NOV 8 — Reading can take you places and I am not talking about sharing the adventures of the author as you turn the pages of a travelogue or memoir. Yes, sometimes reading can send you to the travel agent’s!
I remember the first time that happened to me: I had just read Anthony Bourdain’s “Kitchen Confidential” and saw a copy of his other book “A Cook’s Tour” in the bookshop. This was before the Discovery channel show of the same name starting showing here but I wanted to read more of Bourdain so I bought it.
The edition I bought showed him standing in front of a Bayon temple face in Siem Reap... and just like that, I wanted to go to Cambodia too.
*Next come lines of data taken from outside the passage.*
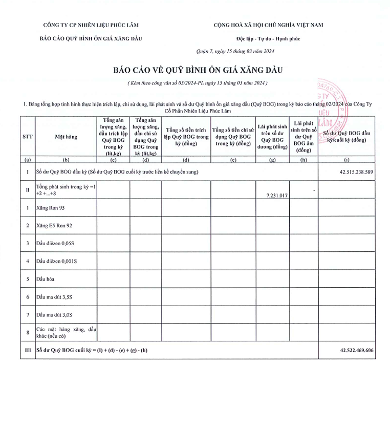 Công ty Cổ Phần Nguyên Liệu Phúc Lâm xin báo cáo Quỹ bình ổn giá xăng dầu Tháng 01.02.2024 - 29.02.2024 là: 42.522.469.606 vnđ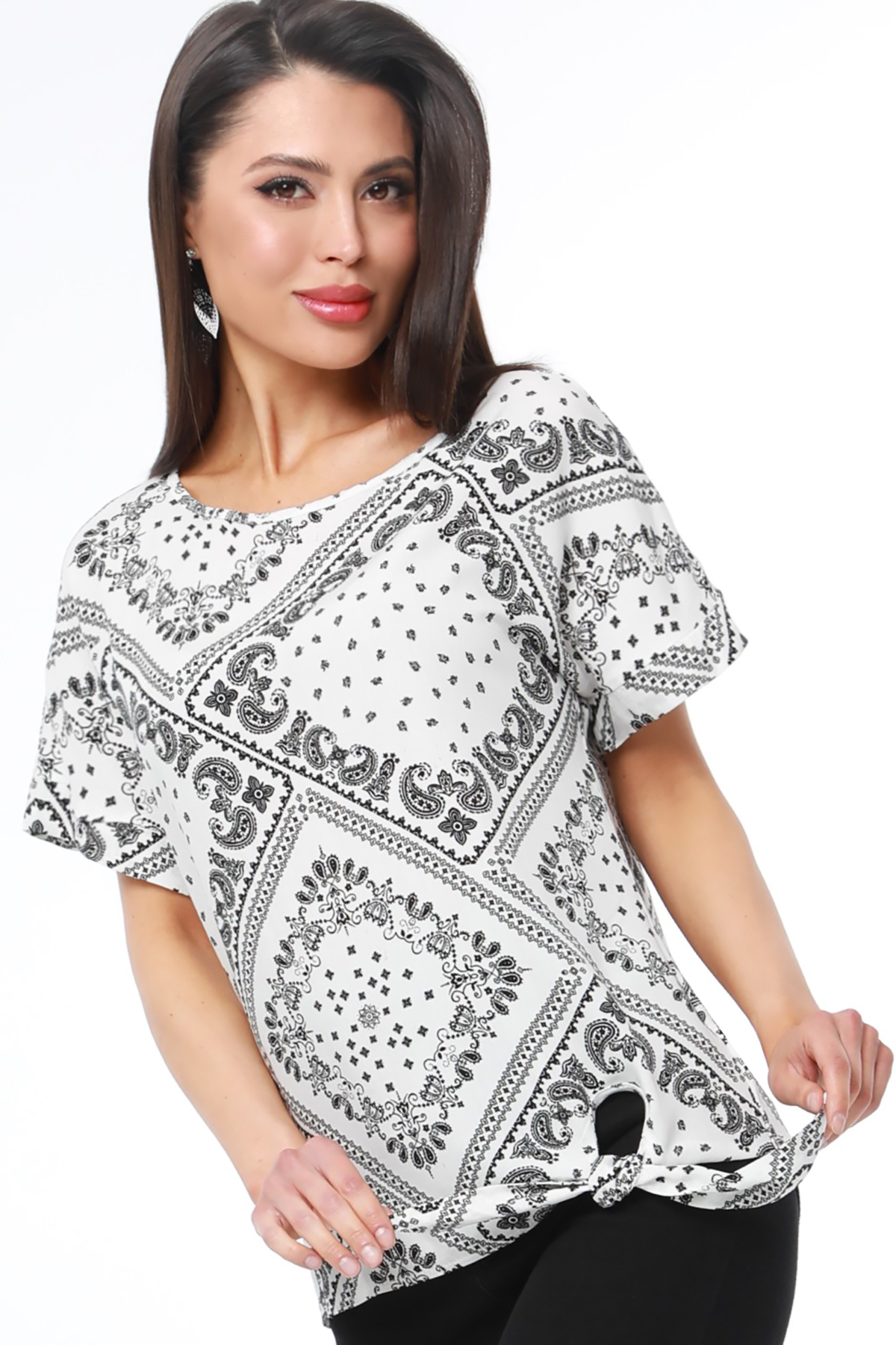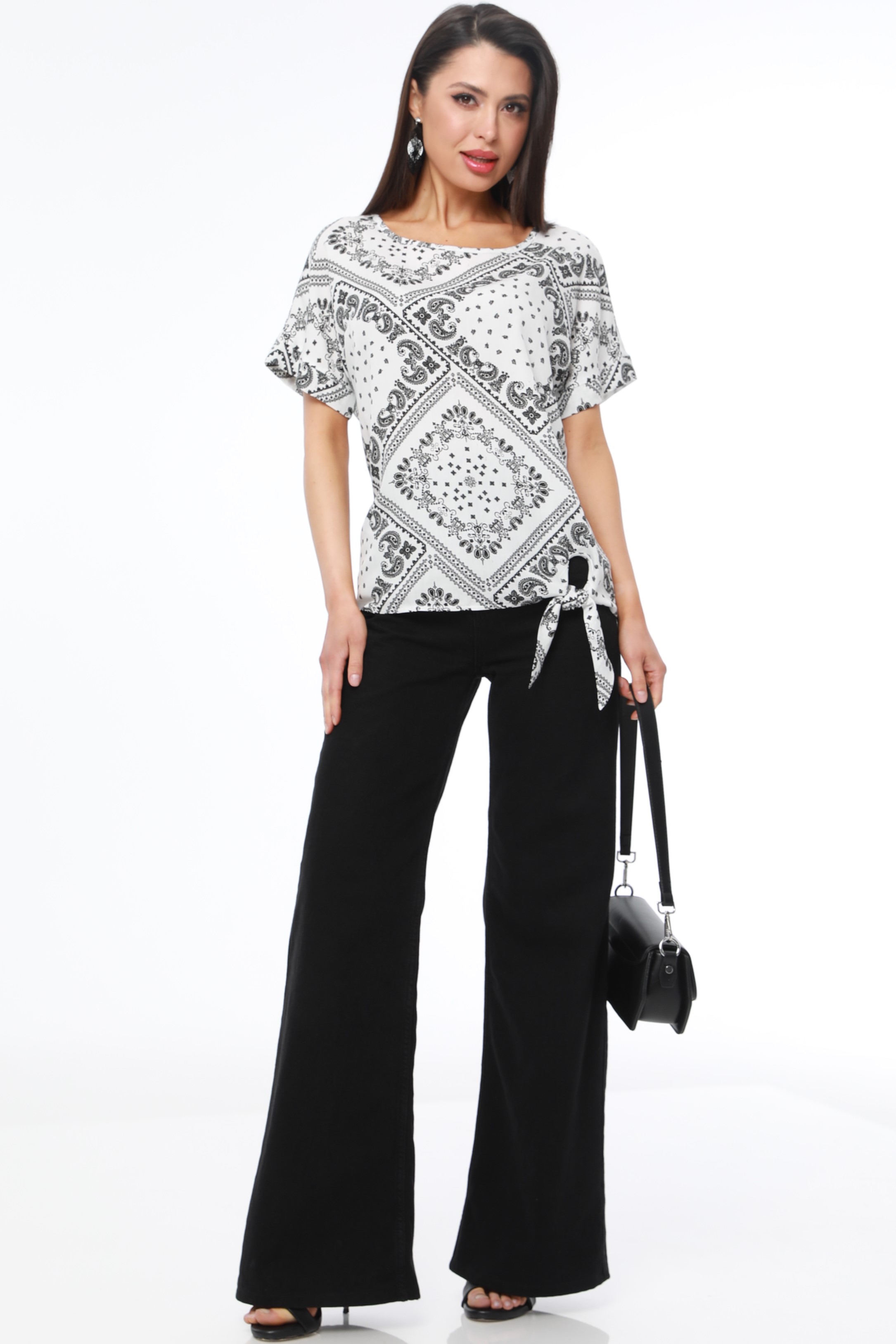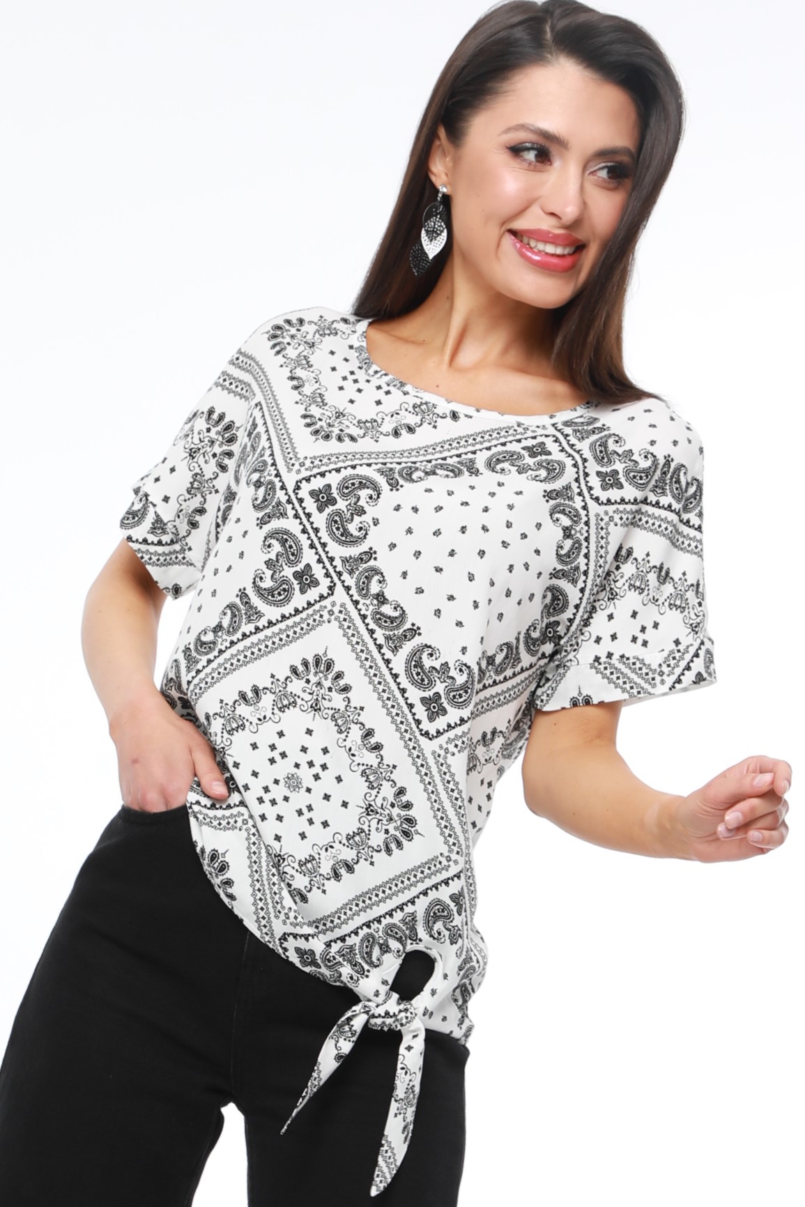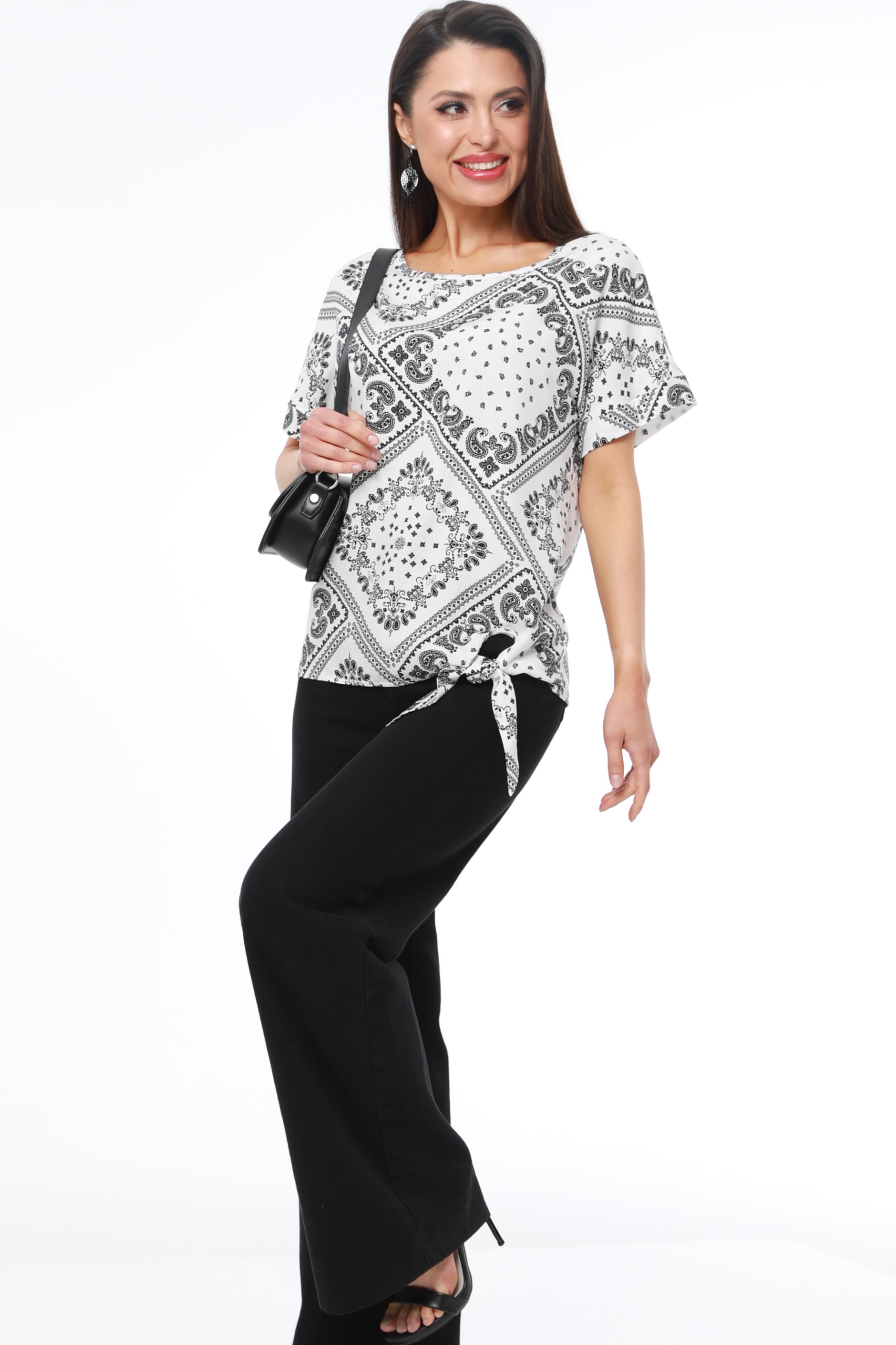 Блузка с коротким рукавом и завязками — нарядная модель, которая добавит разнообразия как в повседневный, так и в офисный гардероб. Свободный фасон с округлым вырезом прекрасно смотрится на любой фигуре, не сковывает движений и дарит чувство легкости. Изюминкой блузки становятся завязки сбоку, которые можно завязать как на узел, так и на модный в этом сезоне бант, чтобы добавить образу женственные нотки. Модель выполнена из качественной, приятной к телу вискозной ткани, которая хорошо пропускает воздух, держит форму и не скатывается. Чтобы блузка долго радовала вас красотой и качеством, рекомендуется стирать ее в бережном режиме без отжима при температуре до 30 градусов и сушить в расправленном виде.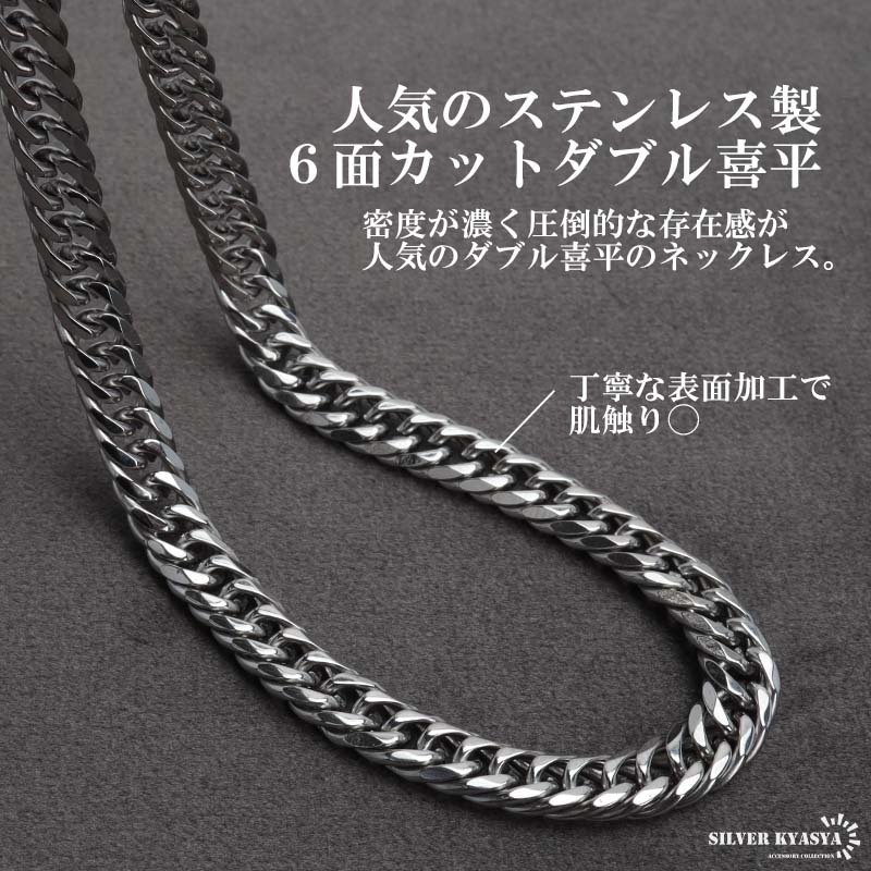 | 商品概要 | ■6面カットダブル喜平 密度が濃く圧倒的な存在感が人気のダブル喜平のネックレス。 ■こだわりの留め具 留め具にも喜平の模様を取り入れてあり、デザイン性の高い仕上がり!見た目で差がつくアイテムです! ■ステンレス素材を使用 金属部分は頑丈なことで知られるステンレス素材を採用。耐久性はもちろん耐水性も高く水場での着用も可能。金属アレルギーも出にくいとされている金属です。  |

This was more than seven years ago and everyone was kind of discouraging of the idea. “It’s dangerous... the landmines, the bandits.”
But I went anyway. And I had a great time. It was no four-star holiday and we stayed in a guesthouse which was pretty basic but it was fantastic. And yes, I saw the Bayon temple with the enigmatic faces which I first spotted on the cover of Bourdain’s book.
The next time that happened with a book was Janet de Neefe’s “Fragrant Rice: My Continuing Love Affair With Bali”. A review copy landed on my desk and I just kind of ignored it for a month or so.
Then one day, I opened the book and soon found myself totally enchanted by the story of this Australian-born woman who first came to Bali with her family for a holiday. She returned a few years later and to cut a long story short, she married a Balinese and today she and her husband run two restaurants and a guesthouse.
The book is a combination of cookbook and memoir which also gives a foreigner an insight into the real Bali. De Neefe is also a fabulous cook and she also conducts cooking classes in Ubud where she lives now.
After the first Bali bombing in 2002, she decided to do something to help the people of Bali. Together with a friend, they conceived the Ubud Writers and Readers Festival in 2004 and since then, the festival has really grown in size and reputation... and introduced more people to the beautiful island.
But it was her book which brought me to Bali and I stayed in her guesthouse! And you know what, I actually saw her once during my stay there. Talk about a book groupie eh? Maybe next year, I will go to the Writers Festival.
You just never know where reading can take you. Right now, I am reading Farish A. Noor’s “Qur’an and Cricket: Travels Through the Madrasahs of Asia and other stories.” I know what you are thinking, “You’re not thinking of visiting a madrasah surely?”
No, I am not. But the book is an amazing read. I think I learned (and understood) more about the politics of the region — Pakistan, Afghanistan and India — reading this book than all the news articles that are being churned out on a daily basis every day. There is a lot of heart in these stories from his journals. Some, like the Pakistan chapters may have been written in 2004 but the conditions described feel just as fresh today some five years later.
In the introduction, he writes that some of the journeys described in the book are internal ones: “Travel is as much an internal process as it is external, and one could argue that one has never really travelled across the world unless and until one has travelled across oneself.”
So yes, I may not be the traveller Farish was (and I am sure, is) but his travelogue has made me see things (the world really) with different eyes. I especially loved the chapter “Santri: Another Look at the Pesantren al-Mukmin of Abu Bakar Ba’ashir”.
Like many others after the Bali bombings, I too had bought into the idea of Ba’ashir as a monster. The mastermind behind the horror. But Farish will make you see the man and yes, suddenly “the other” is not so frightening after all.
Farish travelled to all these places as part of his academic research but luckily for us, the book is not an academic tome. Instead I would like to think of it as a guide to some of the places and people we often relegate to “the news.”
I have just a few more pages before the end of the book but I already know I will never think of the “difficult places and people” in the world the same way again.
And that, in itself, is a kind of journey isn’t it?